Changed in cloud-init (Ubuntu Artful):
status: In Progress → Fix Released

Hello thermoman, or anyone else affected,

Accepted cloud-init into zesty-proposed. The package will build now and be available at https://launchpad.net/ubuntu/+source/cloud-init/0.7.9-233-ge586fe35-0ubuntu1~17.04.2 in a few hours, and then in the -proposed repository.

Please help us by testing this new package. See https://wiki.ubuntu.com/Testing/EnableProposed for documentation on how to enable and use -proposed.Your feedback will aid us getting this update out to other Ubuntu users.

If this package fixes the bug for you, please add a comment to this bug, mentioning the version of the package you tested and change the tag from verification-needed-zesty to verification-done-zesty. If it does not fix the bug for you, please add a comment stating that, and change the tag to verification-failed-zesty. In either case, details of your testing will help us make a better decision.

Further information regarding the verification process can be found at https://wiki.ubuntu.com/QATeam/PerformingSRUVerification . Thank you in advance!

Changed in cloud-init (Ubuntu Zesty):
status: In Progress → Fix Committed
tags: added: verification-needed verification-needed-zesty
Łukasz Zemczak (sil2100) wrote :

Since this basically re-introduces LP: #1691489, we need to remember to revert the 'Fix Released' fields for each series in that bug once this goes out to -updates.

Changed in cloud-init (Ubuntu Xenial):
status: In Progress → Fix Committed
tags: added: verification-needed-xenial
Łukasz Zemczak (sil2100) wrote :

Hello thermoman, or anyone else affected,

Accepted cloud-init into xenial-proposed. The package will build now and be available at https://launchpad.net/ubuntu/+source/cloud-init/0.7.9-233-ge586fe35-0ubuntu1~16.04.2 in a few hours, and then in the -proposed repository.

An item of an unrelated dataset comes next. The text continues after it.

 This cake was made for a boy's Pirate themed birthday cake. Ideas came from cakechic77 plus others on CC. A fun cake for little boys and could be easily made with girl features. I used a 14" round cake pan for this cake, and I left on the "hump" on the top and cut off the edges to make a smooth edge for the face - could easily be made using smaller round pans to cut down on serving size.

Please help us by testing this new package. See https://wiki.ubuntu.com/Testing/EnableProposed for documentation on how to enable and use -proposed.Your feedback will aid us getting this update out to other Ubuntu users.

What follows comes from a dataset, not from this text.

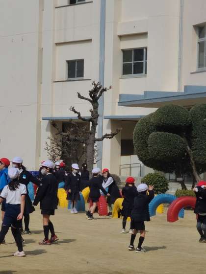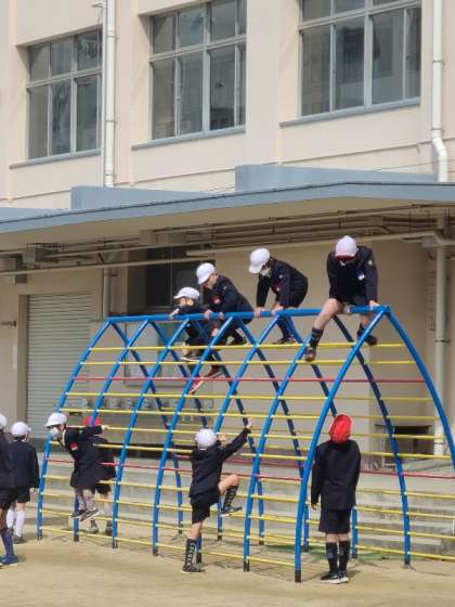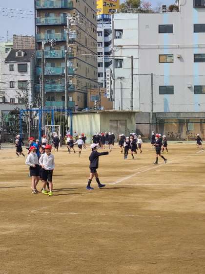 運動場の様子です。今日は暖かくて、気持ちよく遊んでいます。

If this package fixes the bug for you, please add a comment to this bug, mentioning the version of the package you tested and change the tag from verification-needed-xenial to verification-done-xenial. If it does not fix the bug for you, please add a comment stating that, and change the tag to verification-failed-xenial. In either case, details of your testing will help us make a better decision.

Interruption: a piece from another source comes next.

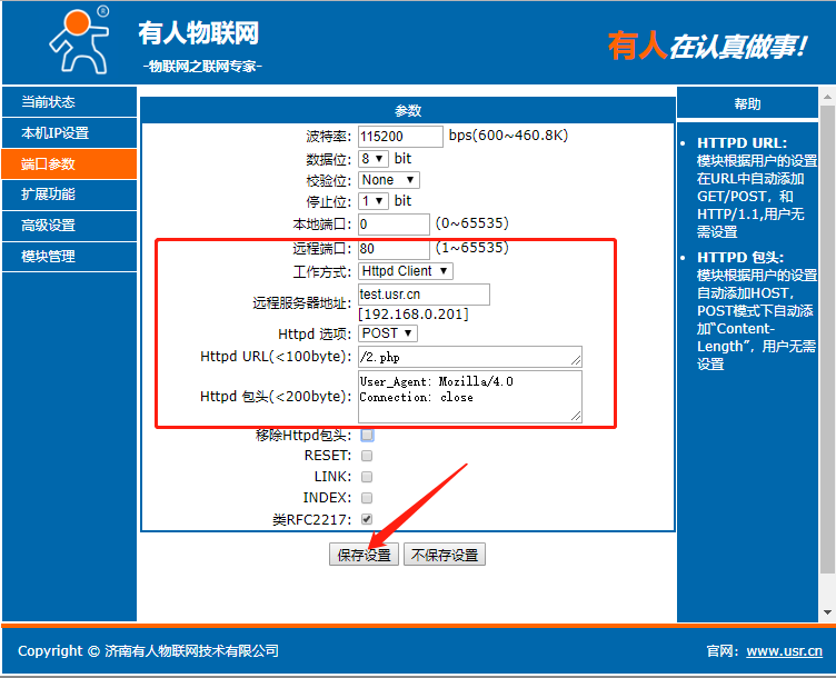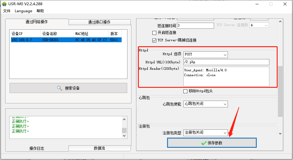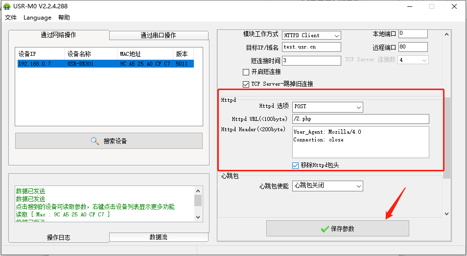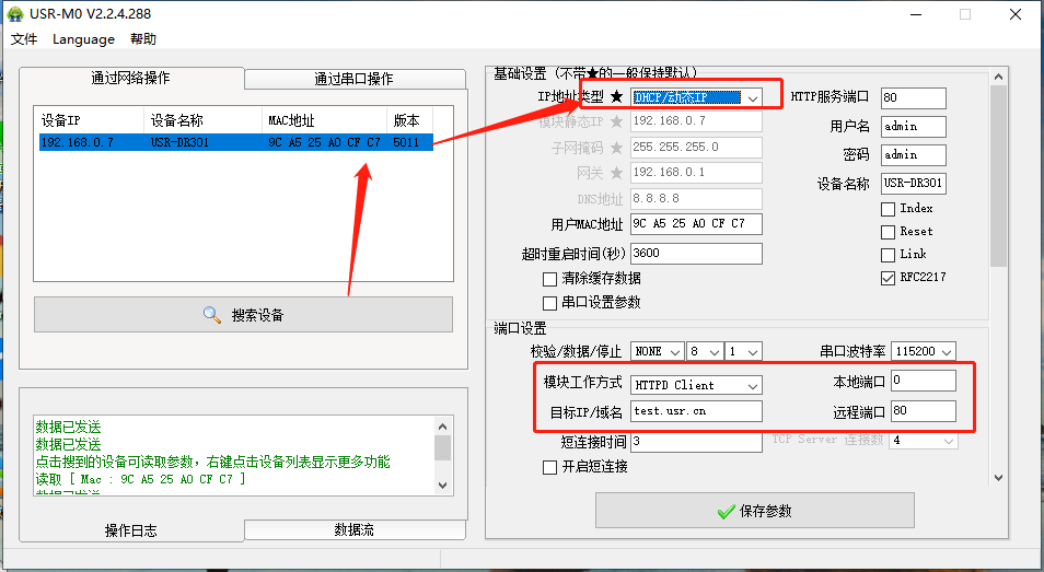 点击“搜索设备”当搜索列表中出现301的设备后,单击搜索到的设备,IP设置为DHCP,模块设置为Httpd Client模式,请求方式POST,URL为/2.php,设置服务器地址test.usr.cn,端口80,设置并保存所有参数,重启模块。(本说明文档使用为有人测试服务器)

Further information regarding the verification process can be found at https://wiki.ubuntu.com/QATeam/PerformingSRUVerification . Thank you in advance!

This bug is believed to be fixed in cloud-init in 17.1. If this is still a problem for you, please make a comment and set the state back to New

Thank you.

Changed in cloud-init:
status: Confirmed → Fix Released
Scott Moser (smoser) wrote :

## launched instance on Openstack
$ cat /etc/cloud/build.info
build_name: server
serial: 20170929

$ git clone http://git.launchpad.net/~smoser/cloud-init/+git/sru-info

$ sudo apt-get update -q && sudo apt-get install -q cloud-init
..
cloud-init is already the newest version (0.7.9-233-ge586fe35-0ubuntu1~16.04.1).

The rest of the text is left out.